As Jews, we must also reckon with the fact that the black experience of fearing the police, the black experience of higher infection and death rates from Covid-19, the black experience of systemic unemployment is not someone else’s experience, but also the experience of members of our own community. While as individuals we may benefit from the white privilege that allows us to see Black Lives Matter as a cause, as a community we must understand that it is part of ourselves.

There has been a big kerfuffle of late over how best to estimate the number of Jews of color in the United States. Two demographers published an essay showing that prior research suggesting it was 12% to 15% of the nation’s 5 million-plus Jews was likely significantly off, and that it was more likely closer to the 6% estimate of a different study. Outrage erupted among both Black Jewish leaders and liberal white allies: more than 2,500 people and 200 organizations signed onto a letter titled #JOCsCount.

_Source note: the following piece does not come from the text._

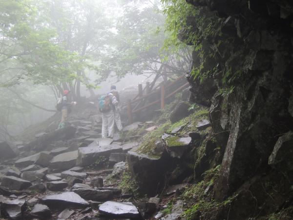 - 高住神社より岩の多いコースを登る。雨で濡れて滑りやすいので注意が必要です。
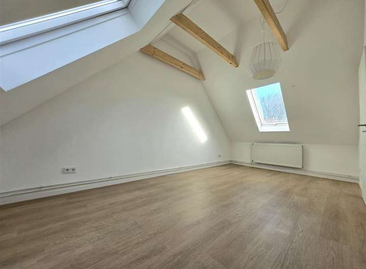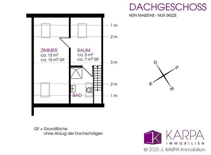 - ca. 13 m² großes Zimmer (ca. 16 m² Grundfläche) mit 2 Dachfenstern

The fight over how many is misframed. As April N. Baskin, one of our strongest inclusion-advocates, put it in a news release about the letter, “Jews of Color count — not because of our numbers, but simply because of our divinity and humanity.”

Which is why, especially now, we must recommit to make our Jewish institutions reflect our communities’ diversity, to better advocate for people of color, to help them push all of us to imagine as if we ourselves had been at Sinai — or had been under the knee of former Minneapolis Officer Derek Chauvin, unable to breathe.

We are living in historic times, epochal times. Some have likened the changes ahead for Jewish practice and engagement to the changes after the destruction of the holy Temple. Our ancestors somehow managed to absorb that radical disruption and ensure Jewish continuity for another 2,000 years.

Our ability to exercise extreme empathy — toward everyone in our own communities and beyond — will help determine what kind of Judaism we leave for other generations to imagine.

Jodi Rudoren is the editor-in-chief of the Forward.